**RECORDS SUPPLIED**
>>

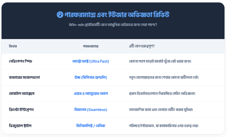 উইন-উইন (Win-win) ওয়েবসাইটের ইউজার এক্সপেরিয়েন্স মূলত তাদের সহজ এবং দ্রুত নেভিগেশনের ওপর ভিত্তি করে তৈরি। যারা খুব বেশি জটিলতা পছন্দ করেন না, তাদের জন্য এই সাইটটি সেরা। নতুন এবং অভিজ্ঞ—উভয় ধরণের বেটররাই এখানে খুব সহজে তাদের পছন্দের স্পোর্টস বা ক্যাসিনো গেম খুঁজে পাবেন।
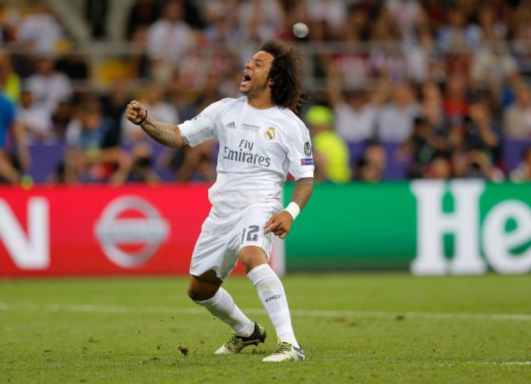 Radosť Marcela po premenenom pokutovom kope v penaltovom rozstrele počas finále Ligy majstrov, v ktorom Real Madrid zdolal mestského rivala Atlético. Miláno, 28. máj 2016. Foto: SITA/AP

<<
>>

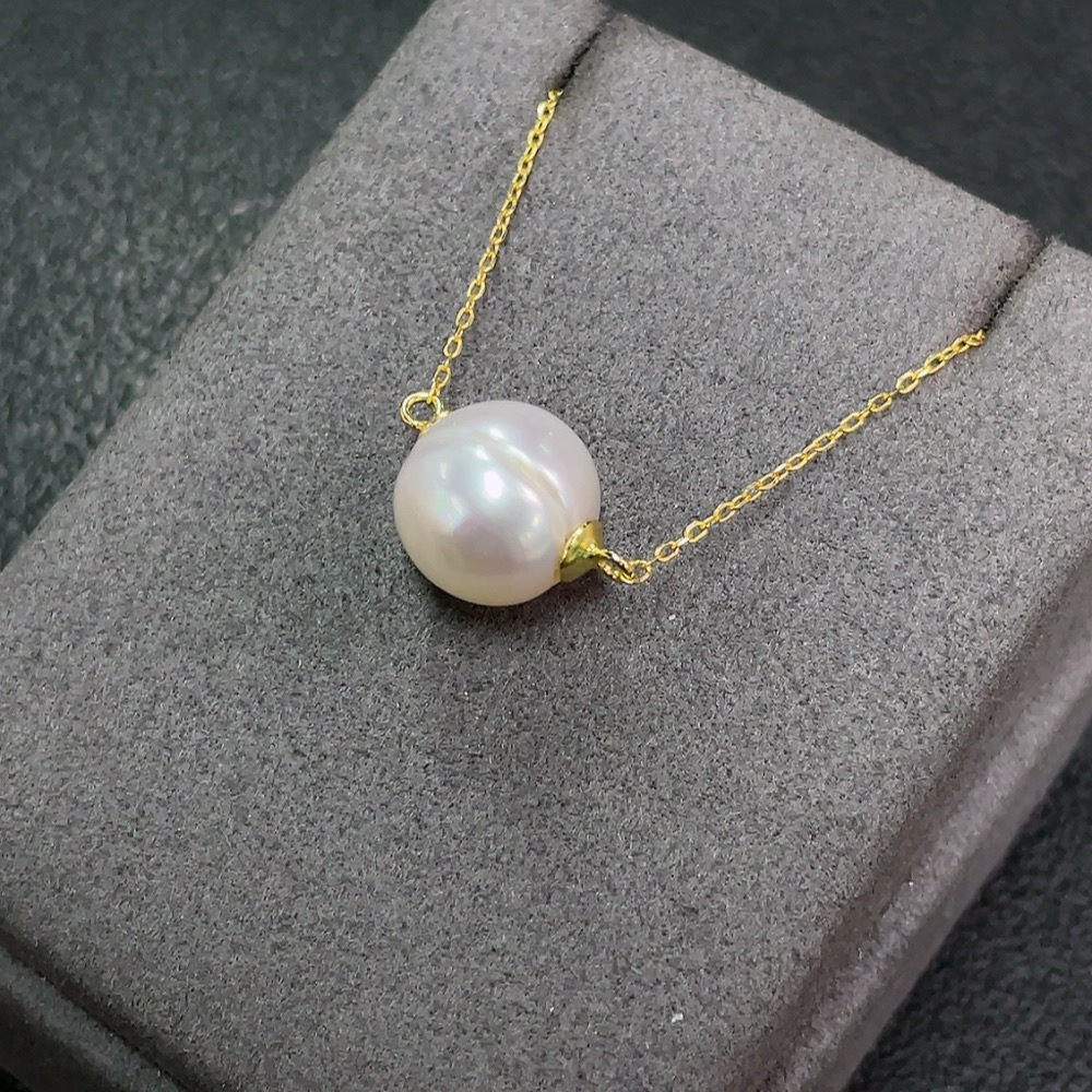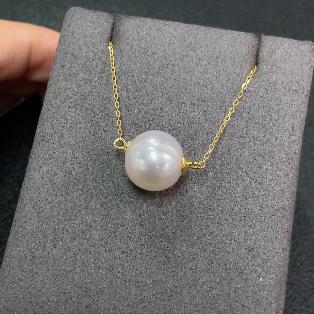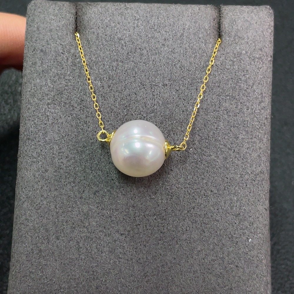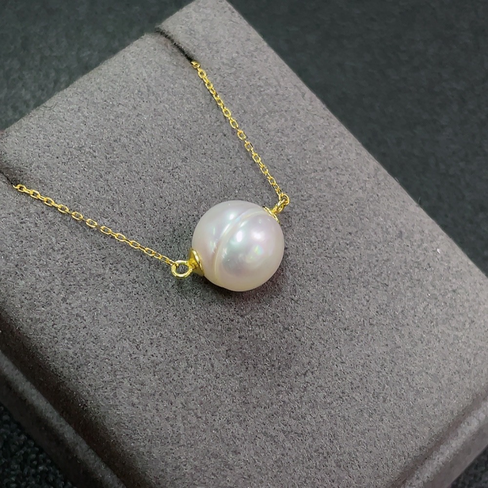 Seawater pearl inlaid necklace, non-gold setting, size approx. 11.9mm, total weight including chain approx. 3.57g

<<

**EXERCISE PROMPT**
When copying from the data above, print only the lines from the line containing "উইন-উইন (Win-win) ওয়েবসাইটের" to the line containing "Radosť Marcela po", exactly, and leave the pictures out.

**OUTPUT FOR THIS EXERCISE**
 উইন-উইন (Win-win) ওয়েবসাইটের ইউজার এক্সপেরিয়েন্স মূলত তাদের সহজ এবং দ্রুত নেভিগেশনের ওপর ভিত্তি করে তৈরি। যারা খুব বেশি জটিলতা পছন্দ করেন না, তাদের জন্য এই সাইটটি সেরা। নতুন এবং অভিজ্ঞ—উভয় ধরণের বেটররাই এখানে খুব সহজে তাদের পছন্দের স্পোর্টস বা ক্যাসিনো গেম খুঁজে পাবেন।
 Radosť Marcela po premenenom pokutovom kope v penaltovom rozstrele počas finále Ligy majstrov, v ktorom Real Madrid zdolal mestského rivala Atlético. Miláno, 28. máj 2016. Foto: SITA/AP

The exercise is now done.